_The problem_
Exactly the lines from the beginning of the listing below through the line that contains "Play Guitar! transforma" should be transcribed, and pictures must stay out.

_Extracted entries_
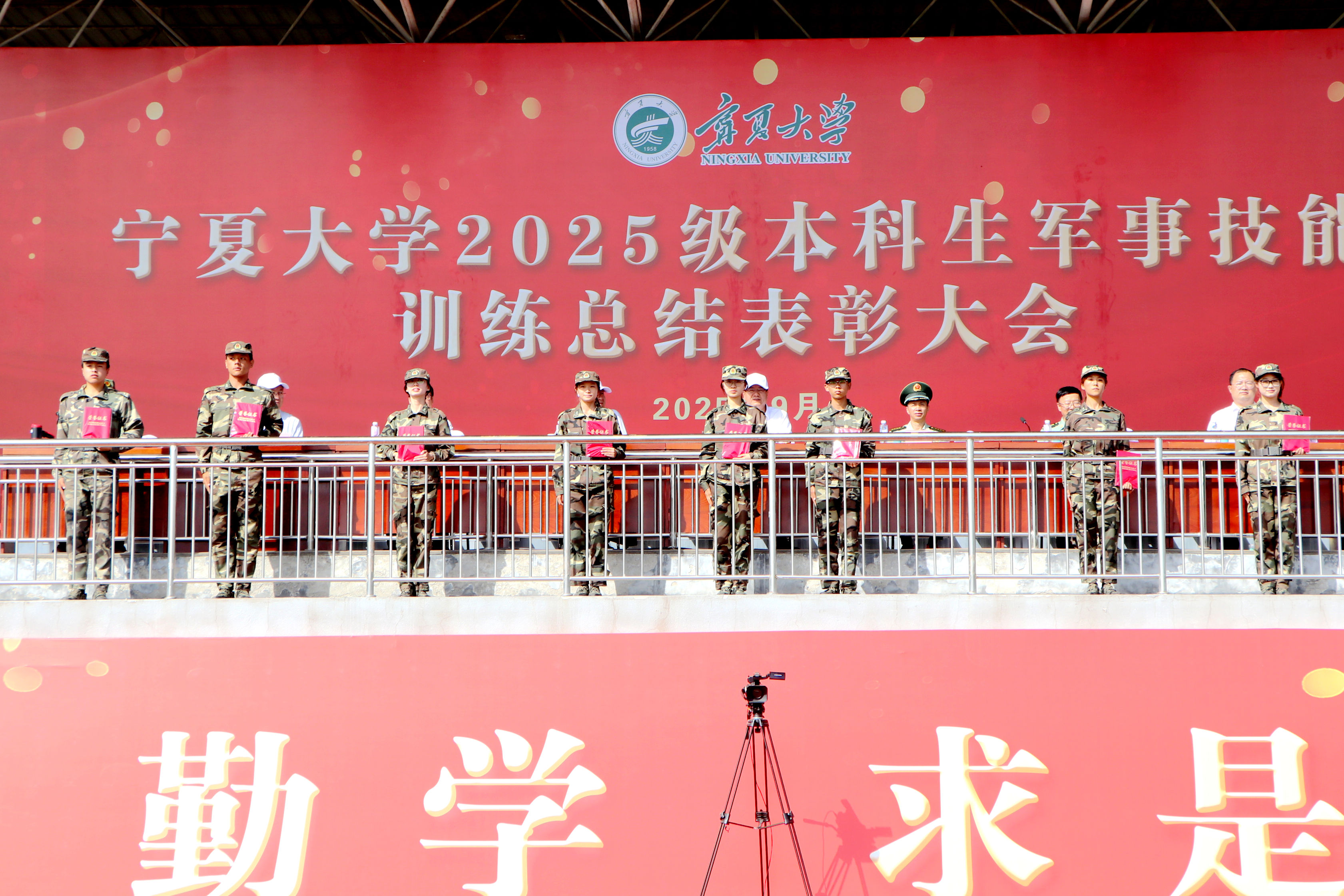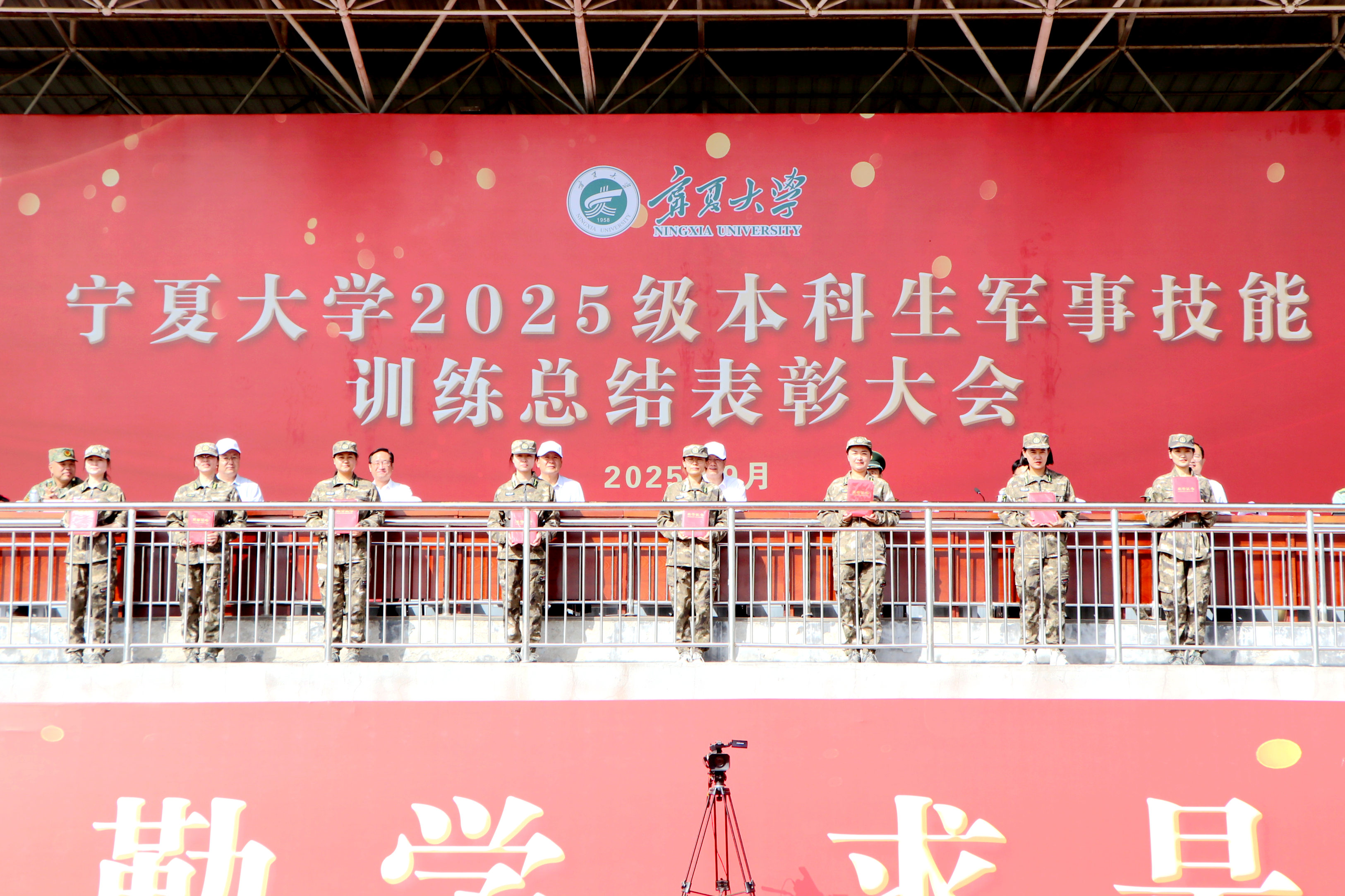 【beat365唯一官方网站新闻中心讯 李瑾/文 张景/图】9月14日,在beat365唯一官方网站建校67周年生日前夕,学校在怀远校区田径场隆重举行2025级本科生军事技能训练总结表彰大会。校领导王宏伟、黄河、马元、杨文法,武警银川某部相关领导,自治区教育厅体卫艺处二级调研员马希林,beat365唯一官方网站办公室主任冯学文出席大会。校党委学生工作部(学生处)部(处)长、军训团政委马正亮主持大会。
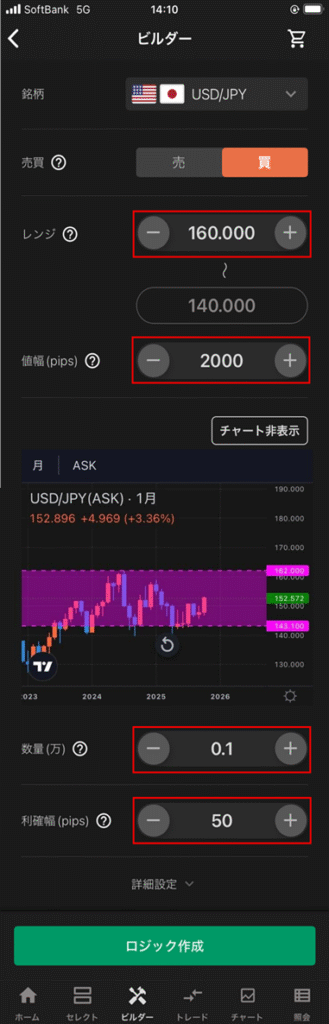 この設定では、レンジの上限が160円、下限が140円となります。
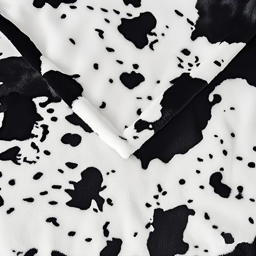 Leopard Print Blanket Fleece Throw for Bed Sofa Travel and Camping, Super Soft Cozy Fluffy Plush Cheetah Print Blanket for All Seasons 50"x60" (Dark Brown)(02 Black Cow,60"x80"-Blanket)
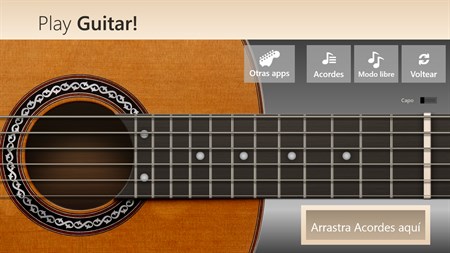 Play Guitar! transforma tu equipo Windows 8 en una guitarra virtual. Podrás presionar los trastes y rasgar cuerdas, tal como lo harías en una guitara real.
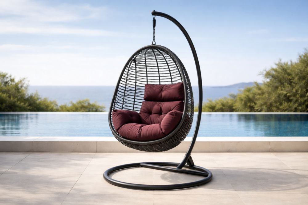 Fauteuil suspendu en rotin noir avec coussin bordeaux
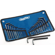 Thirteen metric keys standard length and twelve long reach imperial keys. Manufactured from chrome vanadium steel hardened and tempered. Packed in vinyl storage roll.
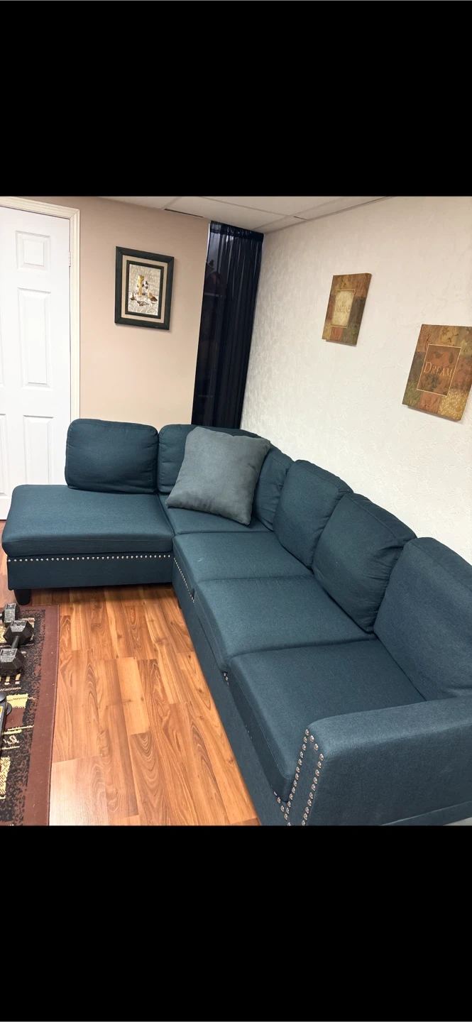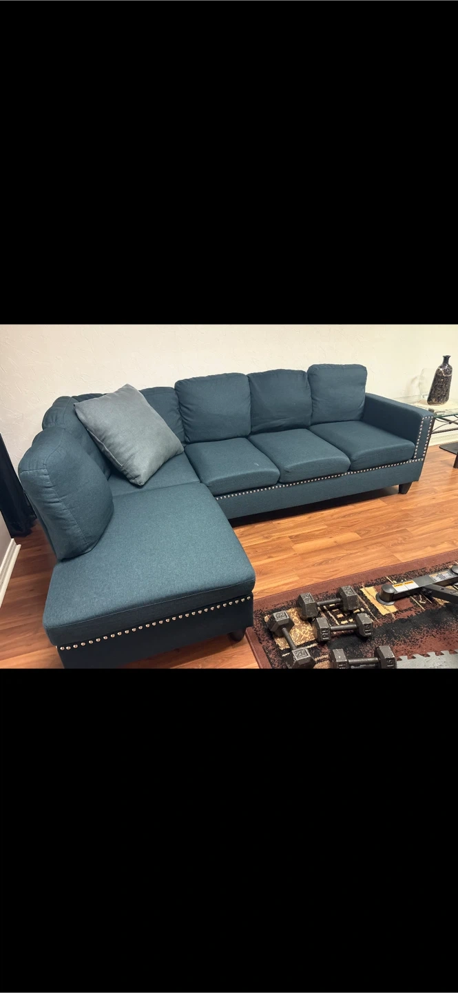 Blue upholstered sectional sofa. It features decorative nailhead trim and includes one accent pillow.
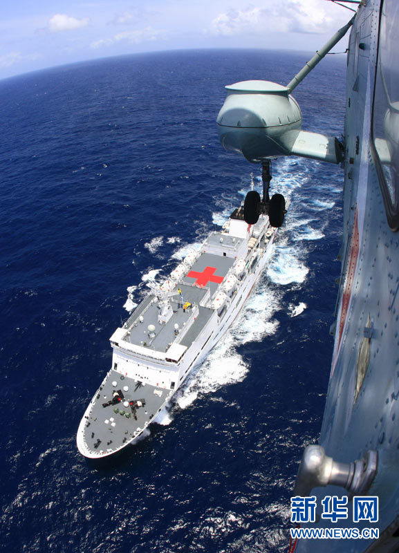 執(zhí)行“和諧使命—2010”任務的中國“和平方舟”號醫(yī)院船安全航行5300余海里后,于15日駛抵亞丁灣。2天后,醫(yī)院船將與正在亞丁灣海域執(zhí)行護航任務的中國海軍第六批艦艇編隊會合,并為護航官兵展開全方位的醫(yī)療服務!昂推椒街邸碧栣t(yī)院船8月31日從中國舟山啟航,前往亞丁灣海域及吉布提、肯尼亞、坦桑尼亞、塞舌爾、孟加拉國等亞非五國執(zhí)行“和諧使命—2010”任務。查春明 攝 (圖片來源:新華網(wǎng))
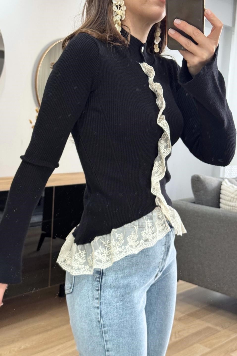 Dantelli Triko Hırka Siyah (BA26IYUG036)
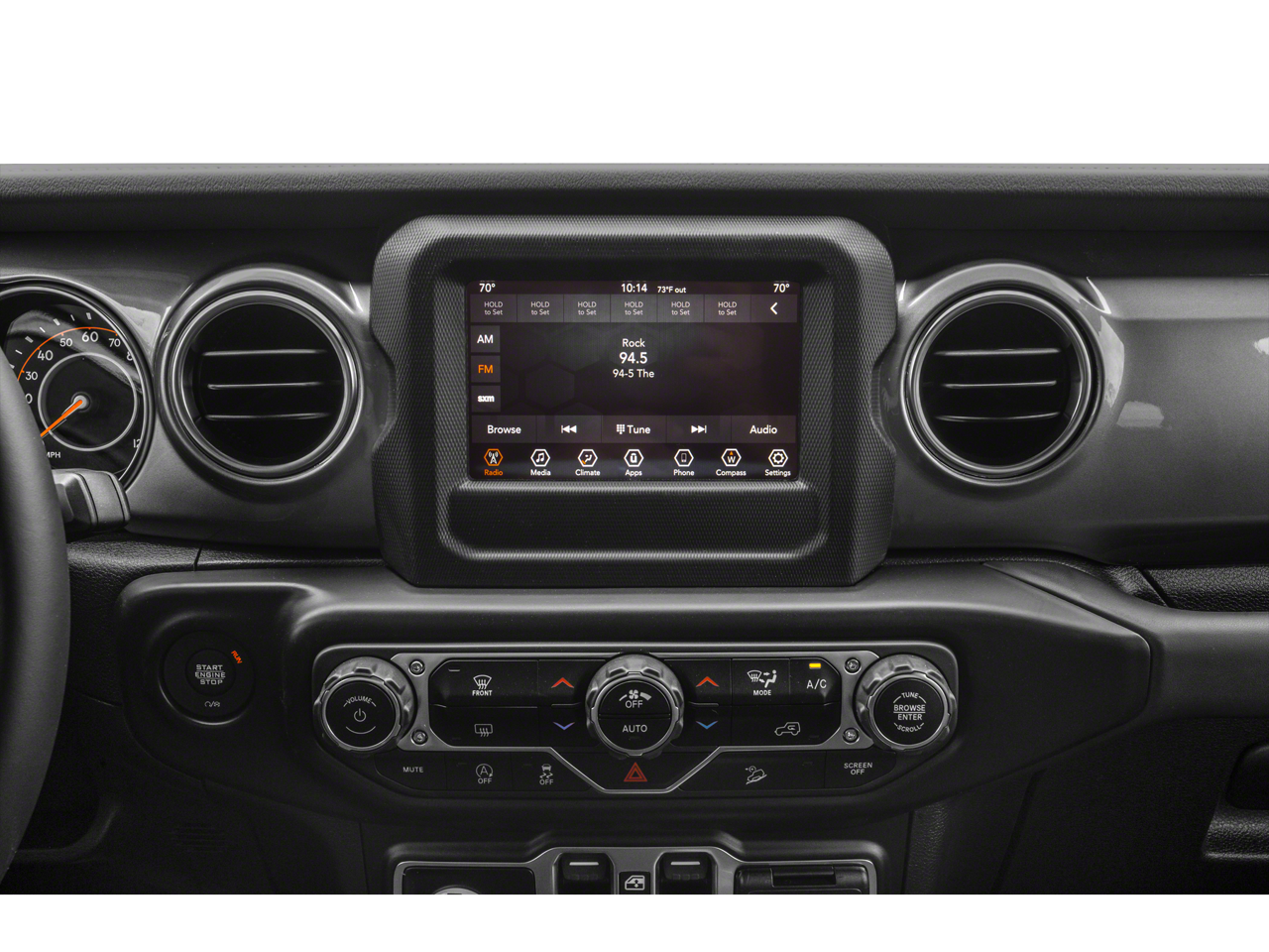 8.4 Radio & Premium Audio Group (1-Year SiriusXM Guardian Trial, 4G LTE Wi-Fi Hot Spot, 5-Year SiriusXM Traffic Service, 5-Year SiriusXM Travel Link Service, 8.4 Touchscreen Display, Alpine Premium Audio System, Auto-Dimming Rear-View Mirror, Emergency/Assistance Call, For Details, Visit DriveUconnect.com, GPS Navigation, HD Radio, Radio: Uconnect 4C Nav w/8.4 Display, SiriusXM Traffic Plus, and SiriusXM Travel Link), Cold Weather Group (Heated Front Seats and Heated Steering Wheel), Dual Top Group (Black 3-Piece Hard Top, Freedom Panel Storage Bag, No Soft Top, Premium Black Sunrider Soft Top w/Dual Top Group, Rear Window Defroster, and Rear Window Wiper/Washer), LED Lighting Group (Daytime Running Lamps LED Accents, Front LED Fog Lamps, LED Reflector Headlamps, and LED Taillamps), Quick Order Package 24R, Safety Group (Blind Spot & Cross Path Detection and ParkSense Rear Park Assist System), Trailer Tow & HD Electrical Group (240 Amp Alternator, 7 & 4 Pin Wiring Harness, 700 Amp Maintenance Free Battery, Auxiliary Switches, and Class II Receiver Hitch), 4-Wheel Disc Brakes, 4.10 Rear Axle Ratio, 8 Speakers, ABS brakes, Air Conditioning, Alloy wheels, AM/FM radio: SiriusXM, Apple CarPlay/Android Auto, Automatic temperature control, Aux Battery, BF Goodrich Brand Tires, Body Color 3-Piece Hard Top, Body Color Fender Flares, Brake assist, Compass, Delay-off headlights, Driver door bin, Driver vanity mirror, Dual front impact airbags, Dual front side impact airbags, Electronic Stability Control, Front anti-roll bar, Front Bucket Seats, Front Center Armrest w/Storage, Front dual zone A/C, Front fog lights, Front License Plate Bracket, Front reading lights, Fully automatic headlights, Garage door transmitter, Heated door mirrors, Illuminated entry, Integrated roll-over protection, Leather steering wheel, Low tire pressure warning, MOPAR All-Weather Floor Mats (DISC), Non-Lock Fuel Cap w/o Discriminator, Occupant sensing airbag, Outside temperature display, Panic alarm, ParkView Rear Back-Up Camera, Passenger door bin, Passenger vanity mirror, Performance Suspension, Power door mirrors, Power steering, Power windows, Premium Cloth Low-Back Bucket Seats, Radio data system, Radio: Uconnect 4 w/7 Display, Rear anti-roll bar, Rear reading lights, Remote keyless entry, Remote Proximity Keyless Entry, Remote Start System, Security system, Speed control, Split folding rear seat, Steering wheel mounted audio controls, Stop-Start Dual Battery System, Tachometer, Telescoping steering wheel, Tilt steering wheel, Traction control, Trip computer, Variably intermittent wipers, Voltmeter, and Wheels: 17 x 7.5 Machined w/Black PocketS.
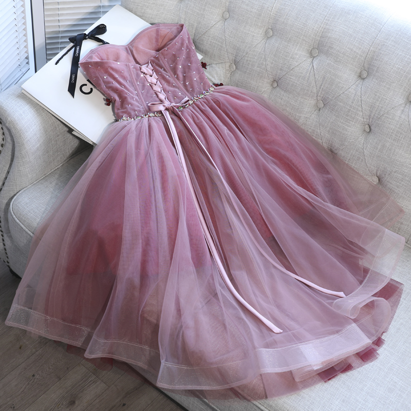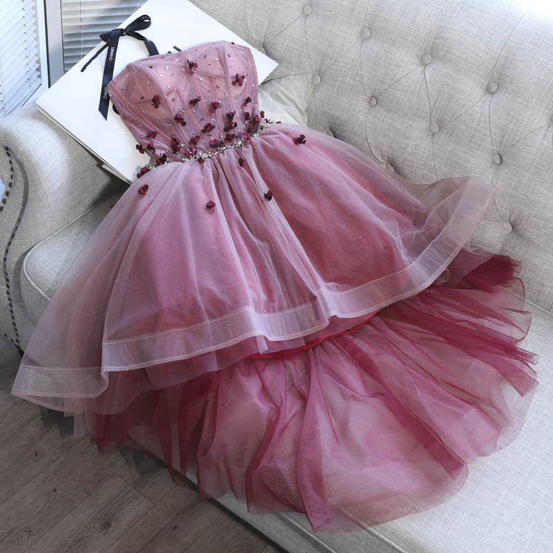 - Pink tulle sweetheart high low prom dress, homecoming dress -
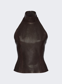 Leather Halterneck Top Brown
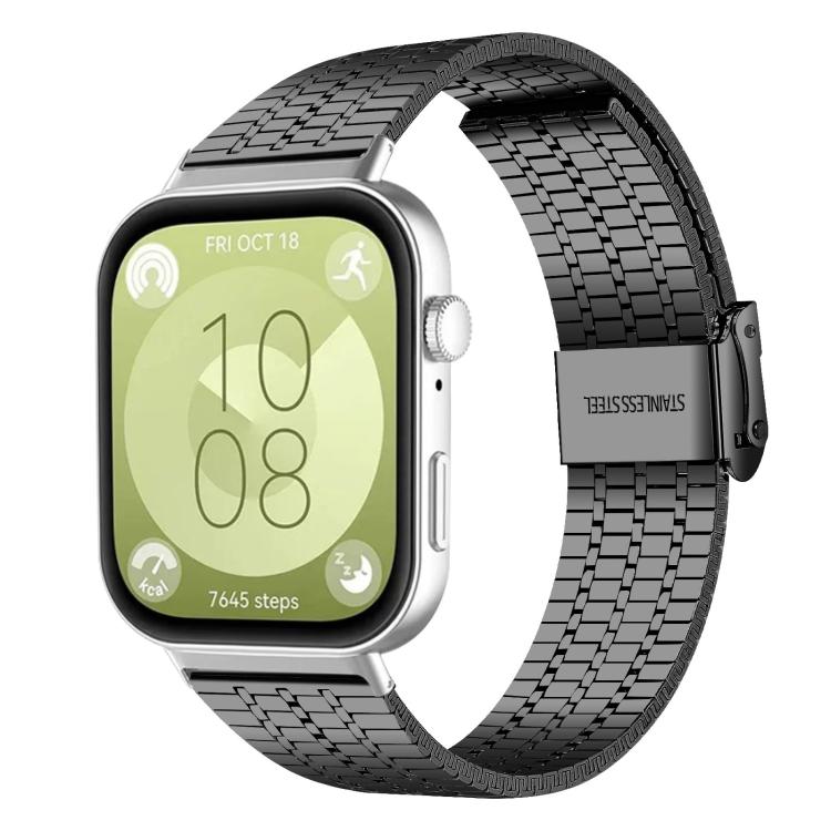 For Huawei Watch Fit4 Pro / Fit4 / Fit3 xDfind Seven Beads Buckle Stainless Steel Watch Band(Black)

_Worked solution_
 【beat365唯一官方网站新闻中心讯 李瑾/文 张景/图】9月14日,在beat365唯一官方网站建校67周年生日前夕,学校在怀远校区田径场隆重举行2025级本科生军事技能训练总结表彰大会。校领导王宏伟、黄河、马元、杨文法,武警银川某部相关领导,自治区教育厅体卫艺处二级调研员马希林,beat365唯一官方网站办公室主任冯学文出席大会。校党委学生工作部(学生处)部(处)长、军训团政委马正亮主持大会。
 この設定では、レンジの上限が160円、下限が140円となります。
 Leopard Print Blanket Fleece Throw for Bed Sofa Travel and Camping, Super Soft Cozy Fluffy Plush Cheetah Print Blanket for All Seasons 50"x60" (Dark Brown)(02 Black Cow,60"x80"-Blanket)
 Play Guitar! transforma tu equipo Windows 8 en una guitarra virtual. Podrás presionar los trastes y rasgar cuerdas, tal como lo harías en una guitara real.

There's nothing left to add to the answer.